Я замолчала. Раз мы существовали в разных временах, она в будущем, а я в прошлом, равенство между нами было почти невозможным. Она перетекала в меня, а я в нее — не совсем, и даже скорее нет.
— Ретрофутуризм существует вне любого времени. Это будущее, которое почти никогда не сбывается. Оно существует вечно. Отдельно от всего, понимаешь? Его никуда и не сунешь: ни в прошлое, ни в будущее. Так и получается, что я верю в то, чего нет и не будет. А как то, чего нет, может иметь свой конец?
То, что она существовала вне времени, наверное, все-таки было правдой. Так оно и будет. И есть. И уже было. Вы понимаете? Я лично — нет. Я понимаю, почему у нее две руки и две ноги. И о словах кое-что. И то, что она всегда будет отдельно. А этого мне достаточно.
— А лестница в небо что такое?
— Слушай, почемучка, отстань уже.
— Это дорога в будущее, в прошлое или в ретрофутуризм?
— Хорошо что о настоящем не спросила.
О настоящем я все-таки кое-что понимала. Все-таки, мы все в нем живем. И не живем тоже — все равно что жить в избушке, из которой тебя беспрестанно выселяют, да мало того, стоит тебе заснуть или просто закрыть глаза — бац, и ты на новом месте, словно и не было того, что было вчера или даже секунду назад. А может, его и действительно не было, может, все это нам только кажется, а избушка как стояла, так и стоит?
— Так куда же?
— Куда хочешь.
Вот и все. А куда я хочу? Я занервничала. Она выглядела спокойной. Она выглядела спокойной в любой момент своей жизни. Ее спокойствия могло хватить на двоих, но я по-прежнему теребила руки, а потом — тонкие страницы блокнота.

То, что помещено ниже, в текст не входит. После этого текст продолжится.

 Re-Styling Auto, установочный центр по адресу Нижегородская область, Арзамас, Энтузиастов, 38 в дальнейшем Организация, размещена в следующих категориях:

Список всего того, что можно жевать:
куриную кость
ручку
ногти
налет с внутренней стороны банановой кожуры
жвачку
нитку (когда она торчит из одежды)
дужку очков
яблоко
угол тетради
мошки
комочки в манной каше
щеку
— Эта лестница ведет тебя туда, куда ты больше всего хочешь попасть.
Я молча пялилась в потолок, думая о том, что еще можно жевать. Не придумала.
— И что ты больше всего ценишь. В основном, подсознательно. Так понятно?
— Так понятно. И куда бы ты хотела попасть?
— Да не знаю. Думать то можно одно, но зачастую места оказываются совершенно неожиданными. В первую очередь для себя самого.
— А ты там была?
Она проводила меня долгим взглядом и я решила, что все-таки не была. Наверное, не хотела признаваться, что говорит о вещах, о которых толком не знает — а это все равно что обзывать молочную пенку или комочки в манной каше, так ни разу и не попробовав их на вкус. Но она была бы права. Так что я поверила ей и в этот раз, как поверила бы в любой другой.
— А что с этой лестницей делать? Просто подняться?
— Да.
— А что будет потом?
— Что должно, то и будет.
— А там не страшно?
— Не знаю.
Она выглядела расстроенной. Ее ответы были резкие и как бы через силу, словно для того, чтобы мне их отдать, ей нужно было отнять их у кого-то другого. Я представила, как она заглядывает Биму в пасть и он откусывает ей мизинец, как когда-то откусил его мне. Но мух я у него не отбирала. И ответов у него не искала тоже — а все потому, что вопросов у меня тогда не было. В какой момент жизни они появляются? В пять лет? И до какой поры они будут бороздить мою голову? Пока сами себя не исчерпают? А если не исчерпают? Вопросы как мелкие мошки вились вокруг меня, заползая в ноздри и в рот, а я отгоняла их руками — все никак не могли оставить меня в покое. И все же, что если если это Бим съедал все мои вопросы? Это потому их и не было? Но кто же будет съедать их теперь?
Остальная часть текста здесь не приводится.